Indian Malayalam writer (born 1971)

Santhosh Aechikkanam is an Indian writer of Malayalam literature and a screenwriter in Malayalam cinema. He is known for his short stories, which include Komala and Biriyani. He also wrote screenplays for films such as Annayum Rasoolum and Bachelor Party.

== Biography ==
Santhosh Aechikkanam was born in 1971 in a farmer's family in Bedadka, in Kasargod district of the Indian state of Kerala to A. C. Chandran Nair and Shyamala. After graduating in Malayalam and literature, he secured a post graduate diploma in Journalism and mass communication from Kerala Press Academy.

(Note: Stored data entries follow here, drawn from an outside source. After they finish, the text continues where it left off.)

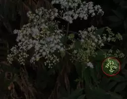 由聚伞花序组成顶生圆锥花序或伞房花序,分枝达5-6级,花序梗密被长粗糙毛或仅二纵列粗糙毛;总苞叶卵状披针形至线状披针形或线形;花萼小,萼齿5,浅波状或浅钝裂状,长0.3-0.5毫米,被短糙毛,有时疏生腺毛;花冠钟形,白色,5深裂,裂片不等形,卵形、卵状长圆形或卵状椭圆形,长(0.75-)1.25-2毫米,宽1.1-1.65(-1.75)毫米,蜜囊顶端的裂片常较大,冠筒常比裂片稍长,长1.5-2.25(-2.6)毫米,宽1.7-2.3毫米,内面有长柔毛,筒基部一侧稍囊肿;雄蕊4,伸出;子房下位,花柱较雄蕊稍短。瘦果倒卵形,与宿存增大苞片贴生;果苞倒卵形、卵形、倒卵状长圆形或椭圆形,有时圆形,长(2.8-)4-5.5(-6.5)毫米,宽(2.5-)4-5.5(-8)毫米,顶端钝圆,不分裂或微3裂,基部楔形或钝,网脉明显,具主脉2条,极少有3条的,下面中部2主脉内有微糙毛。花期8-10月,果期9-11月。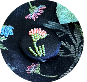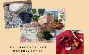 今回は、お花のビーズ刺繍をあしらった小さなブローチ作りを予定しております(材料費500円のみ、当日お支払いをお願いいいたします)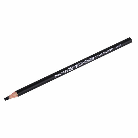 Карандаш (1 штука) угольный BRAUBERG ART CLASSIC, МЯГКИЙ, круглый, корпус черный, заточенный, 181290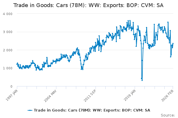 Download this time seriesTrade in Goods: Cars (78M): WW: Exports: BOP: CVM: SA

He has worked as a teacher at Durga Higher Secondary School, Kanhangad and was also associated with Akashvani.

Aechikkanam was involved in a controversy due to his allegedly casteist remarks at a literary festival. His famous short story Biryani sparked controversy amid allegations that it was part of a deliberate effort to create an anti-Muslim collective consciousness through its narrative.

Aechikkanam received the Kerala Sahitya Akademi Award for Story for his short story Komala (2008). He has also received several other honours, including Padmaprabha Literary Award, Karur Award, Pravasi Basheer Award, Abudhabi Sakthi Award, Cherukad Award, V. P. Sivakumar Keli Award, Kolkata Bhasha Sahithya Parishad Award, Delhi Katha Award and Kerala State Television Award for best story.

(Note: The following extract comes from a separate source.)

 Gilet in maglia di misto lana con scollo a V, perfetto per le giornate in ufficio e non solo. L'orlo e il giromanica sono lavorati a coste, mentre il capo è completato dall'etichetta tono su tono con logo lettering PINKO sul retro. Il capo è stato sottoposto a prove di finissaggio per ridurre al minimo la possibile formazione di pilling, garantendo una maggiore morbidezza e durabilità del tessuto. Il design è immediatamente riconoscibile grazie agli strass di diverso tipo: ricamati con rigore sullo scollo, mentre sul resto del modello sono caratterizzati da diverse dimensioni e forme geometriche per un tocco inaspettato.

Aechikkanam is married to Jalsa Menon, who is a college professor and the couple has a son, Mahadevan. The family lives in Ayyanthole in Thrissur district.

== Bibliography ==
=== Short story anthologies ===
- Aechikkanam, Santhosh (2016). "Biriyani"
- Aechikkanam, Santhosh (2019). "Parakkallo Athens"
- Aechikkanam, Santhosh (2008). "Komala"
- Aechikkanam, Santhosh. "Oru Chithrakathayile Nayattukarum Kathapathrangalum Pankeduthavarum"
- Aechikkanam, Santhosh. "Kathakal - Santhosh Echikkanam"
- Aechikkanam, Santhosh (2013). "Shwasam"
- Aechikkanam, Santhosh (2004). "Oru Chithrakadhayile Nayattukar"
- Aechikkanam, Santhosh (2010). "Naranayum Paravayayum"
- Aechikkanam, Santhosh. "Ente Priyappetta Kathakal"
- Aechikkanam, Santhosh. "Ottavaathil"

=== Poems ===
- Nanni

=== Memoirs ===
- Aechikkanam, Santhosh (2013). "Malabar Whistling Thrush"
- Aechikkanam, Santhosh. "Jamanthikal Suganthikal"
- Aechikkanam, Santhosh. "Pakal Swapnathil Veyil Kayan Vanna Oru Nari"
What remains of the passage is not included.